The odds form: updating made effortless
There is a cleaner way to run an update that strips away the annoying denominator. Instead of probabilities, work in odds — the ratio of a hypothesis being true to it being false. In odds form, Bayes' theorem becomes a simple multiplication: posterior odds = prior odds * likelihood ratio. The likelihood ratio is P(B given A) / P(B given not A), how much more probable the evidence is under the hypothesis than against it. The normalizing P(B) cancels out entirely because it appears identically in the numerator and denominator of the two competing hypotheses.
Odds form (no denominator needed): posterior odds = prior odds * likelihood ratio Medical test redone in odds: prior odds of disease = 0.001 / 0.999 ~= 1 : 999 likelihood ratio = 0.99 / 0.05 = 19.8 posterior odds = 19.8 / 999 ~= 1 : 50.5 posterior probability = 1 / (1 + 50.5) ~= 0.0194 (same 1.9%)
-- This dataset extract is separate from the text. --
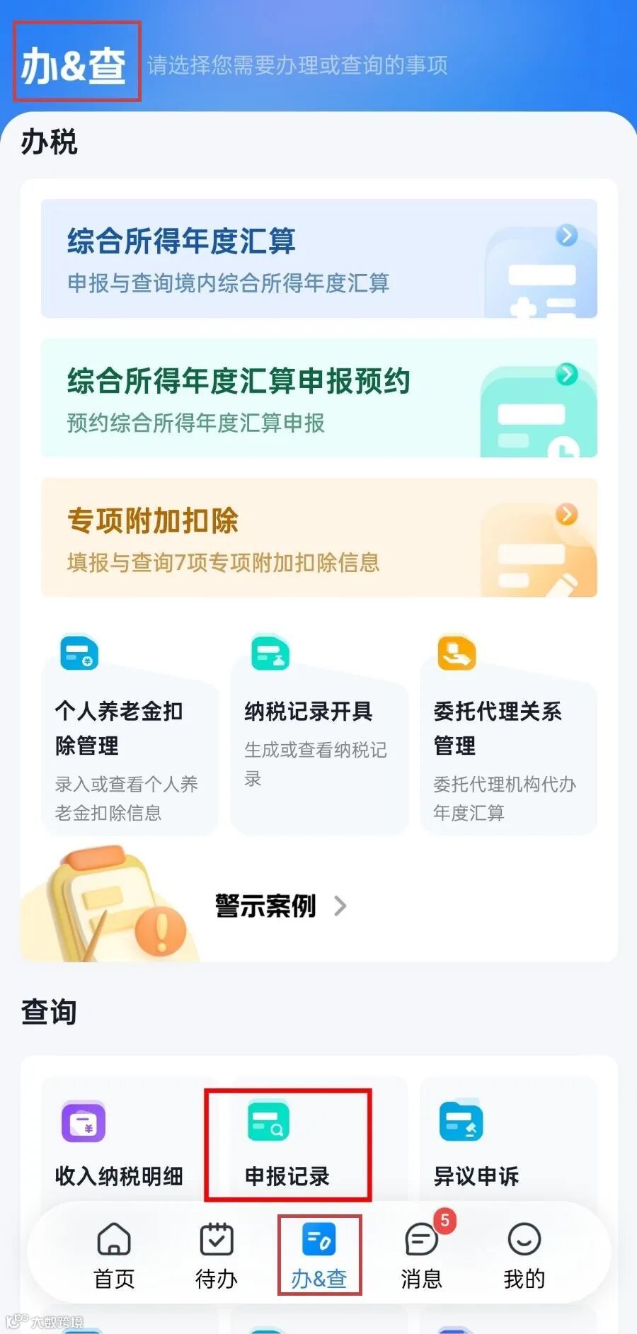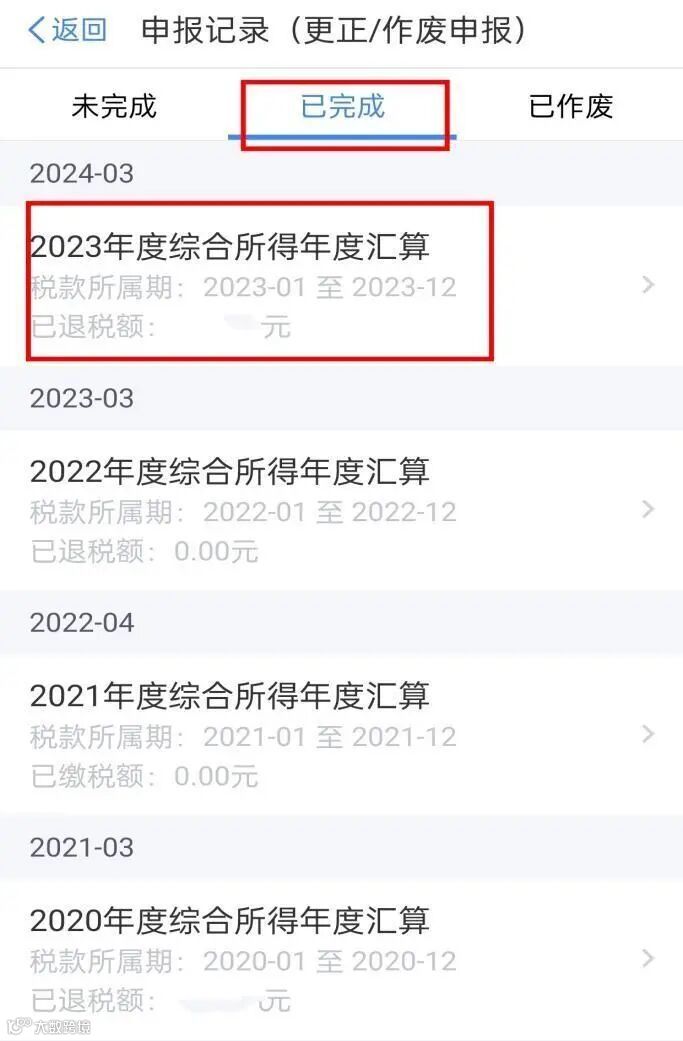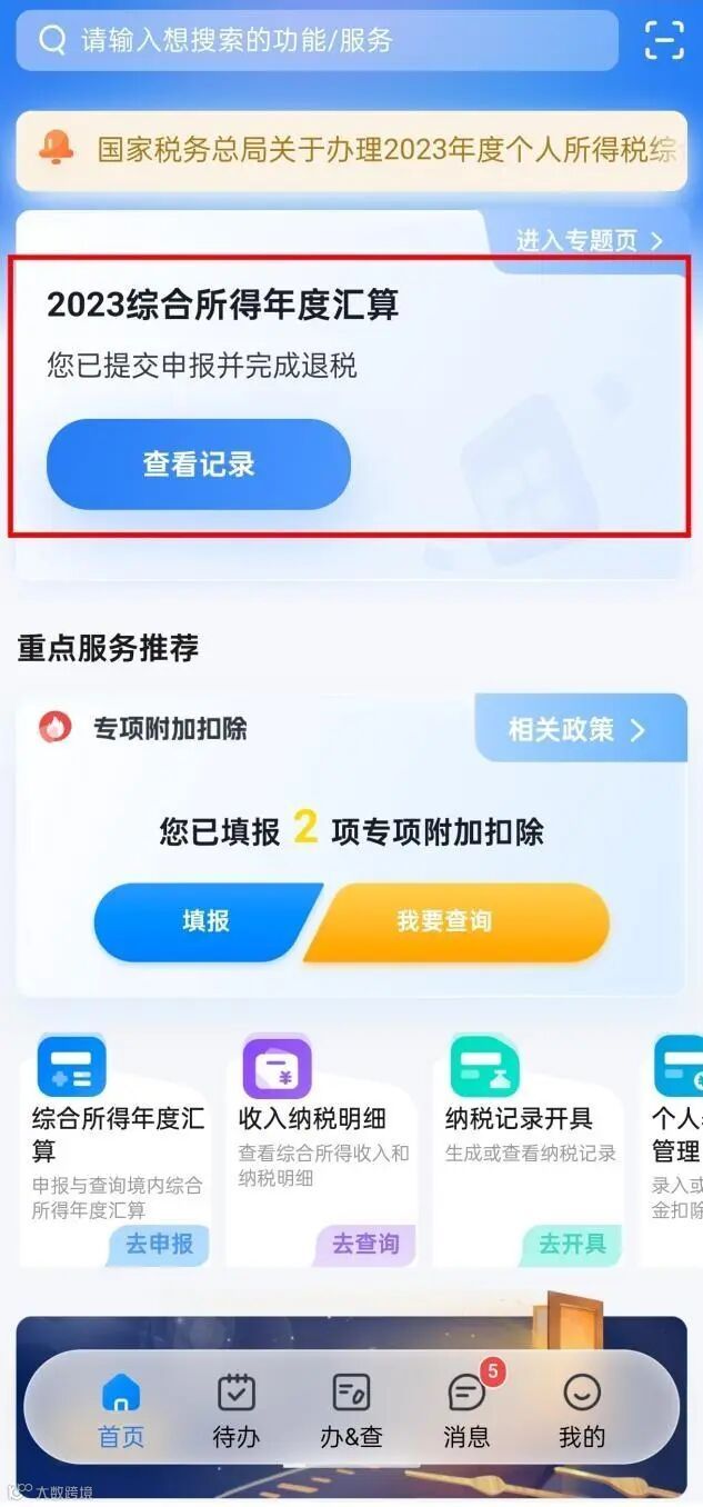 或点击【办&查】—【申报记录】—【已完成】—【2023年度综合所得年度汇算】,即可看到详细的申报、缴税和退税记录。
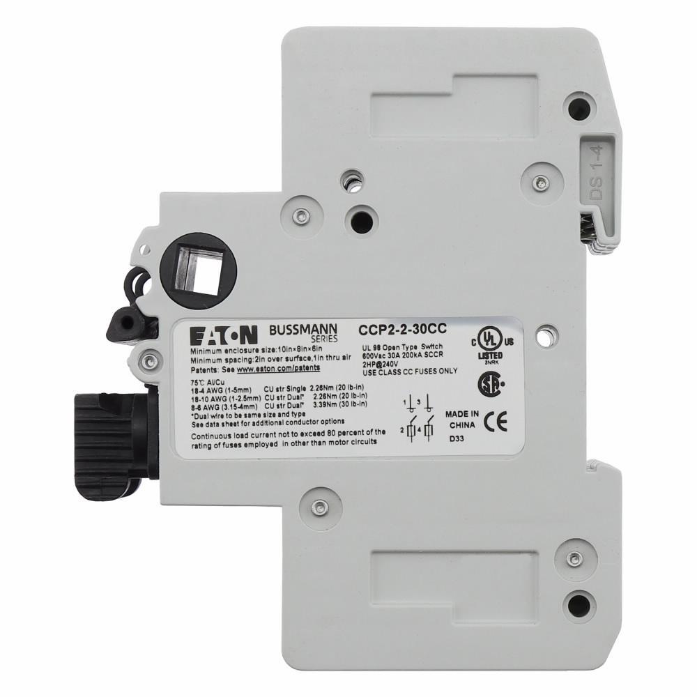 Bussmann Compact Circuit Protector Disconnect Switch, Compact Fused, 600 VAC, 125 VDC, 30 A, 2 Pole, DIN Rail Mount, -4 to 167 deg F Operating, 3.3 in W, 8.1 in Height

The odds form makes a deep idea visible: belief updating is multiplicative and accumulates. If a second independent test also comes back positive, you do not start over — you take the posterior odds from the first test as the new prior odds and multiply by the likelihood ratio again. Today's posterior becomes tomorrow's prior. This is the engine behind Bayesian inference: evidence arrives in pieces, and each piece nudges your odds up or down by its likelihood ratio. A likelihood ratio above 1 supports the hypothesis, below 1 argues against it, and exactly 1 means the evidence is uninformative and leaves your belief unchanged.
Honest caveats: garbage priors, and what "belief" means
Bayes' theorem is a theorem — it is exactly true, a rearrangement of definitions, with no approximation hiding inside it. But its output is only as trustworthy as its inputs. If your prior is badly chosen or your likelihoods are wrong, the posterior will be confidently wrong: garbage in, garbage out. The formula is an honest bookkeeper, not an oracle. It tells you how to combine a prior and evidence coherently; it cannot tell you that your prior was sensible in the first place. Where the prior comes from — a known base rate, a previous experiment, or a frank judgement call — is a real modelling decision you must own.
There is also a quiet philosophical commitment worth naming. To put a prior probability on a hypothesis like "this coin is biased", you are treating probability as a degree of belief, not just a long-run frequency. A strict frequentist would object that the coin either is or is not biased — there is no repeatable experiment in which the hypothesis is true 30% of the time. This is the conditional-probability machinery applied to beliefs, and the base rate discipline keeps it grounded. The two viewpoints often agree on numbers when data is plentiful and disagree most when data is scarce and the prior does heavy lifting; neither is universally "correct", and being clear about which one you are using is part of being honest.